== DATA SHOWN ==
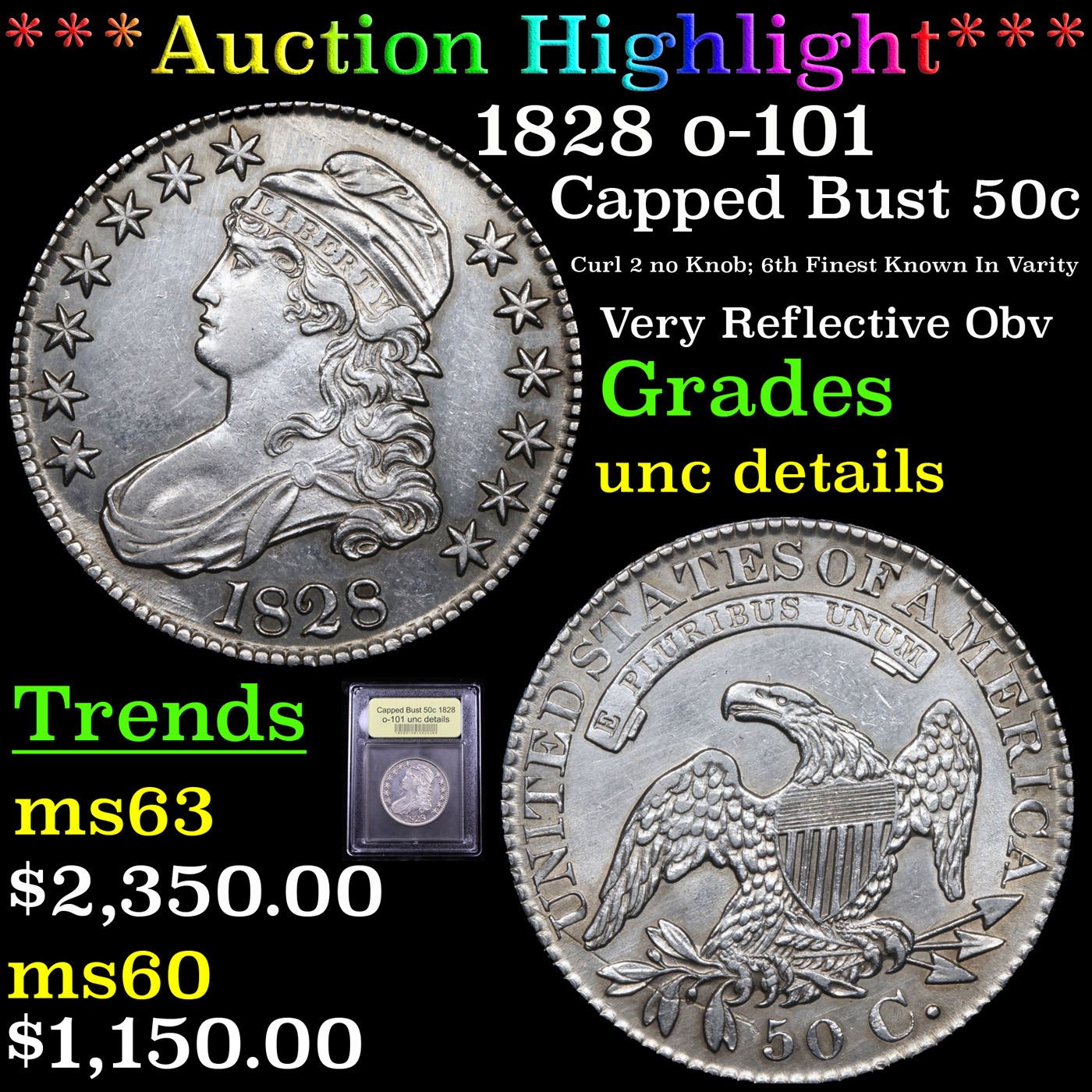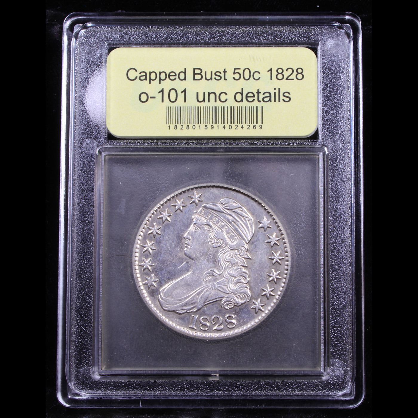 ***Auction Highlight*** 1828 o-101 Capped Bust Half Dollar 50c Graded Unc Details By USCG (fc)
===
== DATA SHOWN ==
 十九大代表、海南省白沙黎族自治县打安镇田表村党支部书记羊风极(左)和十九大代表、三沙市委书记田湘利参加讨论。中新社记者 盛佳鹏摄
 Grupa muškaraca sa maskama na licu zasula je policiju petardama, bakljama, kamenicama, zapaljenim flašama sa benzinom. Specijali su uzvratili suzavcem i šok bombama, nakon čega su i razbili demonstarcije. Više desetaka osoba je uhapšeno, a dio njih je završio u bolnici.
===
§ **EXERCISE GOAL**: Copy the records above exactly, beginning at the line that contains "十九大代表、海南省白沙黎族自" and stopping after the line that contains "Grupa muškaraca sa".

§ **WRITTEN ANSWER**:
 十九大代表、海南省白沙黎族自治县打安镇田表村党支部书记羊风极(左)和十九大代表、三沙市委书记田湘利参加讨论。中新社记者 盛佳鹏摄
 Grupa muškaraca sa maskama na licu zasula je policiju petardama, bakljama, kamenicama, zapaljenim flašama sa benzinom. Specijali su uzvratili suzavcem i šok bombama, nakon čega su i razbili demonstarcije. Više desetaka osoba je uhapšeno, a dio njih je završio u bolnici.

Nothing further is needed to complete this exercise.